Using her own life-changing experiences in bodybuilding, combined with a deep dive into research on how we’ve been taught to view our bodies, Anne Marie provides a roadmap to rethinking body image and discovering true power and confidence that goes well beyond our size. Let’s have a listen.
[INTERVIEW]
[0:00:45.9] PF: Anne Marie, thank you for joining me on Live Happy Now.
[0:00:48.9] AMC: Oh, Paula, it’s great to meet you.
[0:00:51.2] PF: The topic that you’ve written about is something that I’ve been really intrigued with for several years, and I had never seen a book on it because you have written a book about how strength training can really change women, not just physically but it really changes us from the inside out, and can we start by talking about how you came to write this book?
[0:01:10.5] AMC: Yeah, yeah. So, the book was born a really difficult time in my life. I had recently had a baby and was really struggling, kind of surprised with how much I was struggling with postpartum depression, and was nursing my baby on the couch, on the living room, one day, when a neighbor came to my house and knocked on the door, and said my father had died, suddenly, just walking the dog, had a heart attack.

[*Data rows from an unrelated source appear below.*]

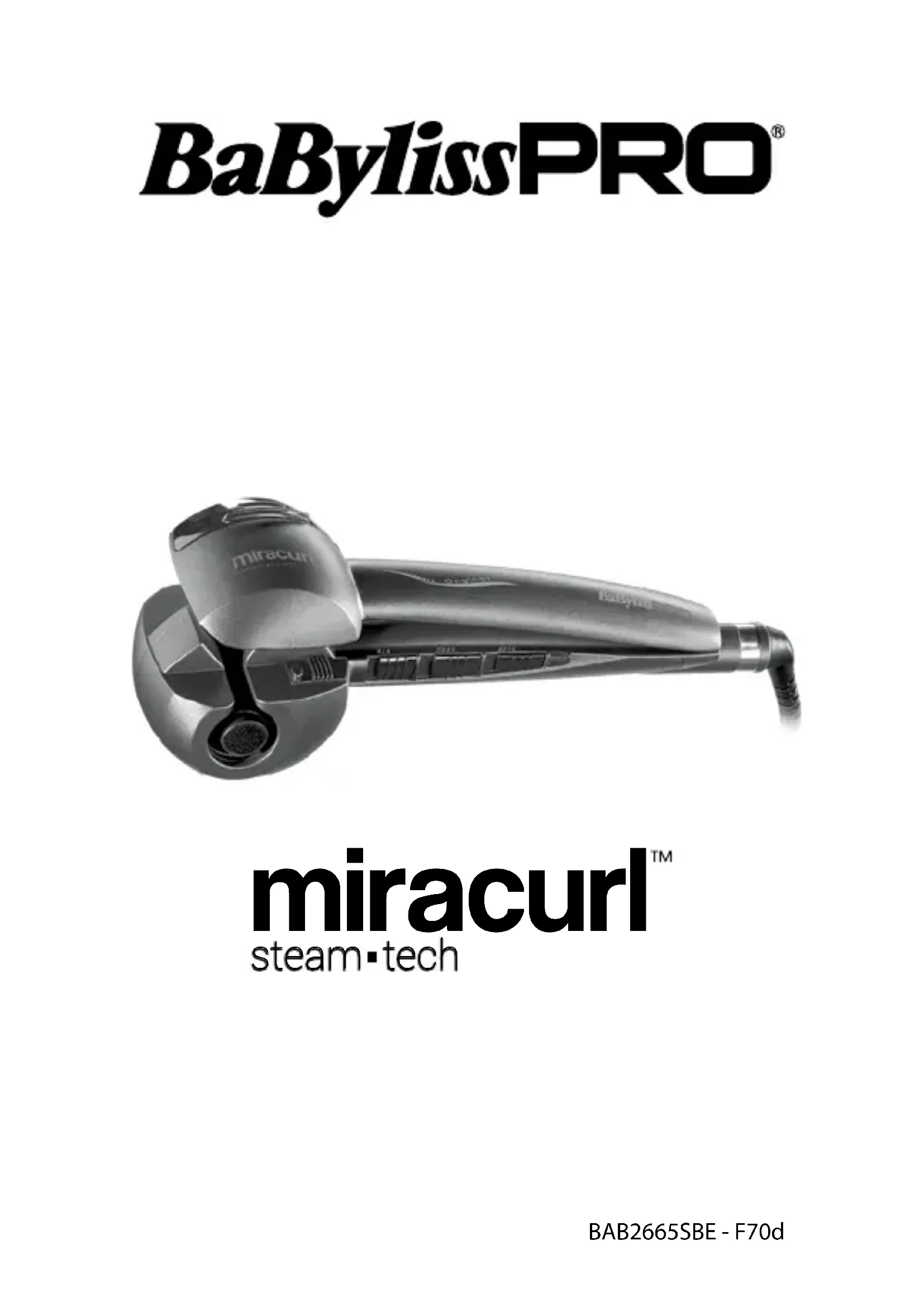 - L’outil de nettoyage peut être utilisé à de nombreuses reprises ;9 simplement enlever de temps en temps les patins en feutre de l’ou- til de nettoyage pour les rincer à l’eau tiède savonneuse. Les laisser sécher complétement avant de les utiliser à nouveau. RANGEMENT Lorsqu’il n’est pas utilisé, l’appareil est facile à ranger. Le laisser refroi- dir, le remettre ensuite dans sa boite et le conserver à l’écart des enfants dans un endroit sec et sûr. Ne jamais le débrancher du secteur d’un geste sec.10 Please carefully read the safety instructions before using the appliance. BaBylissPRO® MiraCurl™ SteamTech BAB2665SBE Eortlessly create long-lasting beauti- ful curls, with BaBylissPRO® MiraCurl™ SteamTech. Hair is automatically drawn into the Ceramic curl chamber where it is softly held and heated from all directions to eortlessly form the curl. Then, simply release. The result is beautiful, free- owing curls. MiraCurl™ SteamTech: . Create perfect curls every time . Adjust heat, time and curl type . Use with or without steam For in-depth beauty action and: . Extra-smooth curls . Extra-shine For long-lasting result and perfect curl formation. FEATURES
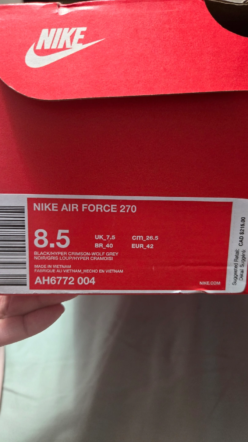 Selling a pair of Nike Air Force 270 sneakers in size US 8.5. The colourway is Black/Hyper Crimson-Wolf Grey. They are in used condition, as shown in the pictures. The box is included.
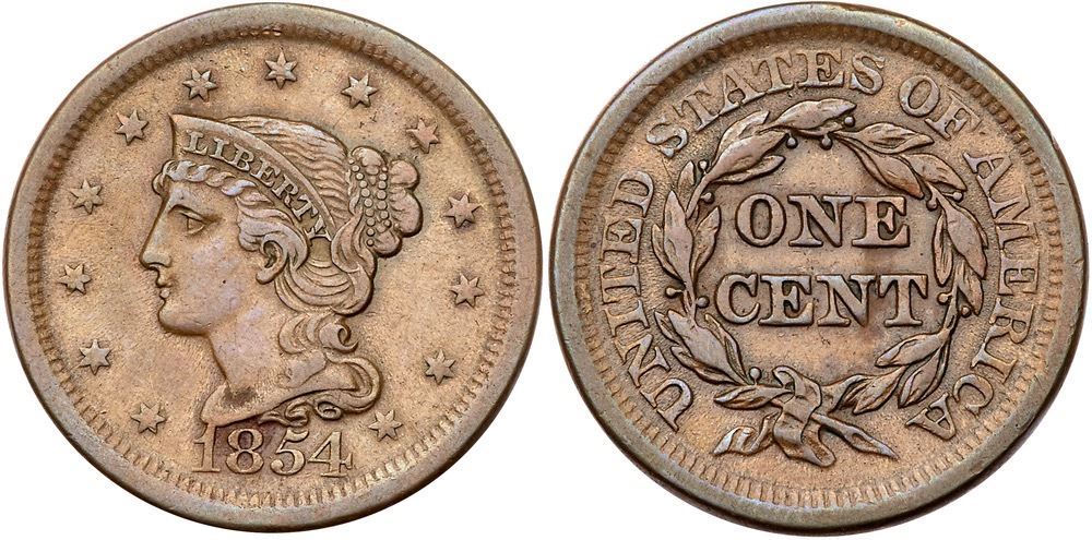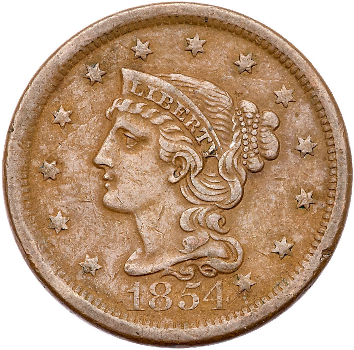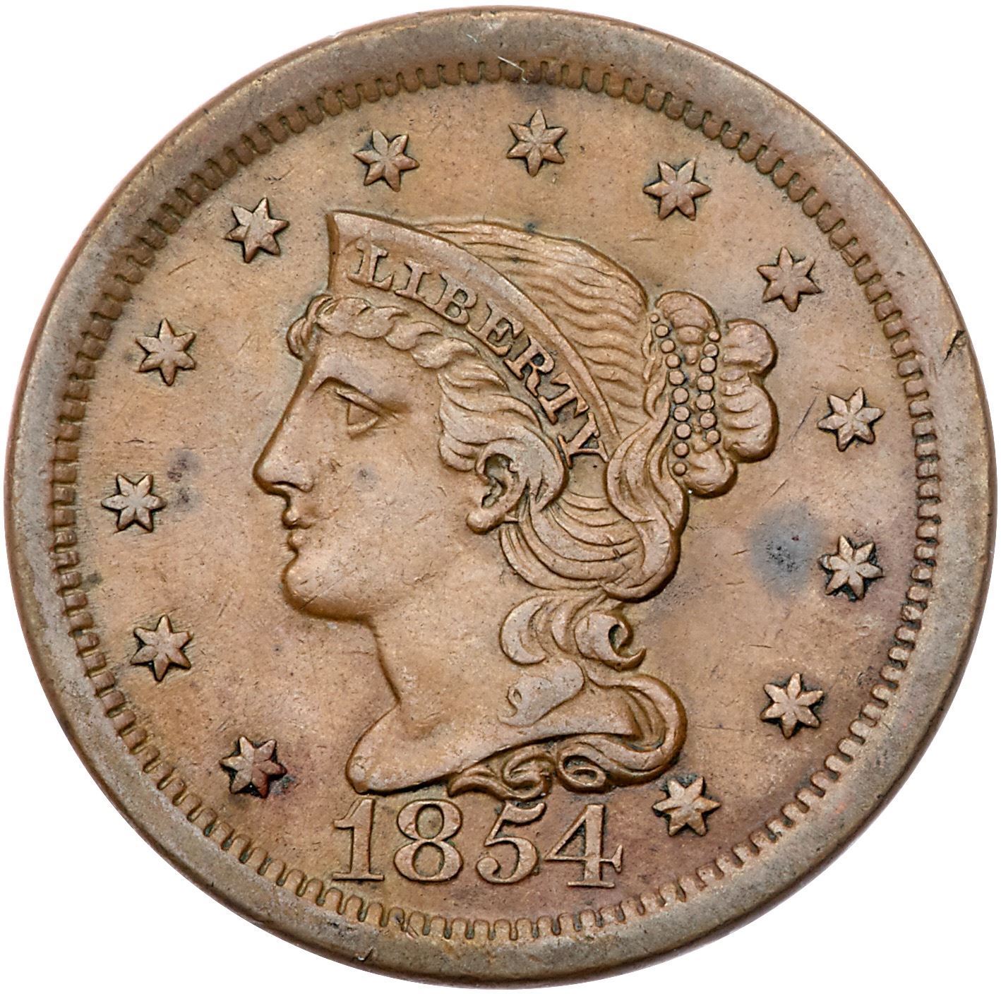 Trio of 1854 Cents grading VF30 to VF35Includes N-7 R2+ Repunched 1 & 4 LDS (b), N-9 R2 "Dartboard Obverse" MDS (b), and N-19 R3 MDS (b). A couple have trivial marks but all are attractive glossy medium brown and light chocolate. Lot of 3 coins.Pedigree: From the Fred H. Borcherdt Collection
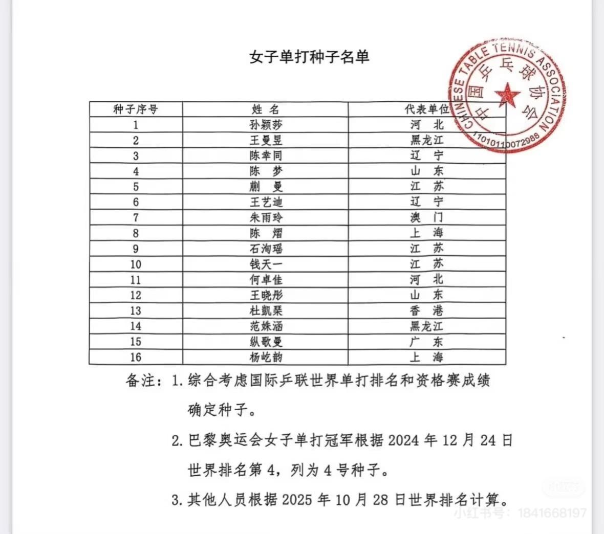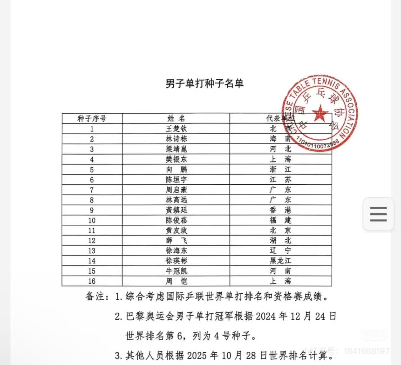 昨晚,全運會乒乓球項目種子名單出爐。已退出世界排名的樊振東和陳夢根據2024年12月24日的世界排名,列為男女單打4號種子。
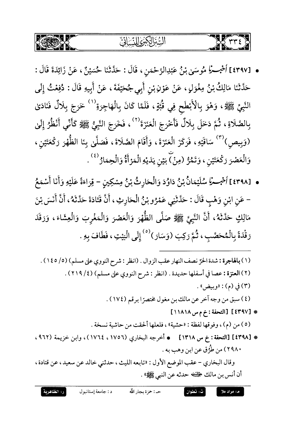 4398- أَخبَرنا سُلَيمَانُ بنُ دَاوُدَ، وَالحَارِثُ بنُ مِسْكِينٍ، قِرَاءَةً عَلَيْهِ، وَأَنَا أَسْمَعُ، عَنِ ابنِ وَهْبٍ، قَالَ: حَدَّثني عَمرُو بنُ الحَارِثِ، أَنَّ قَتَادَةَ حَدَّثَهُ، أَنَّ أَنَسَ بْنَ مَالِكٍ حَدَّثَهُ، أَنَّ النَّبيَّ صَلى الله عَليه وسَلم صَلَّى الظُّهْرَ، وَالعَصْرَ، وَالمَغْرِبَ، وَالعِشَاءَ، وَرَقَدَ رَقْدَةً بِالمُحَصَّبِ، ثُمَّ رَكِبَ وَسَارَ إِلَى البَيْتِ فَطَافَ بِهِ.
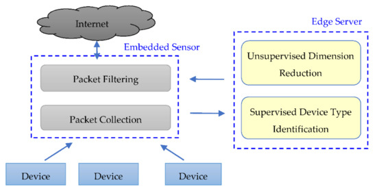In this paper, we propose a two-stage machine learning approach to anomaly detection through network traffic analysis in IoT. To capture all network packets generated from various devices, we design a system architecture consisting of an embedded sensor and an edge server on the LAN of IoT devices, with four modules: packet collection, supervised device type identification, unsupervised dimension reduction, and packet filtering, as shown in Figure 1.
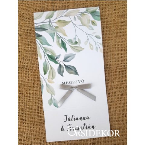 1 kép OrsiDekor Egylapos zöldleveles vízfesték mintás esküvői meghívó

My folks lived a couple of doors down, and the combination of that and the end of my marriage just threw me for a loop. Every truth I had imagined about my life was suddenly being upended, and I counted 11 days or something ridiculous, where I just could not sleep, which you probably know, is a sign of depression.
[0:02:05.3] PF: Absolutely.
[0:02:06.0] AMC: Just could not sleep, and a neighbor came over to my house one night, and was like, “You know, just have a little glass of wine, it will help take the edge off and put you to sleep.” So, I’ve never been much of a drinker, but you know, occasional social, whatever, but that glass of wine helped, took the edge off, helped me sleep, and then, that glass turned into another glass, and then it went from there.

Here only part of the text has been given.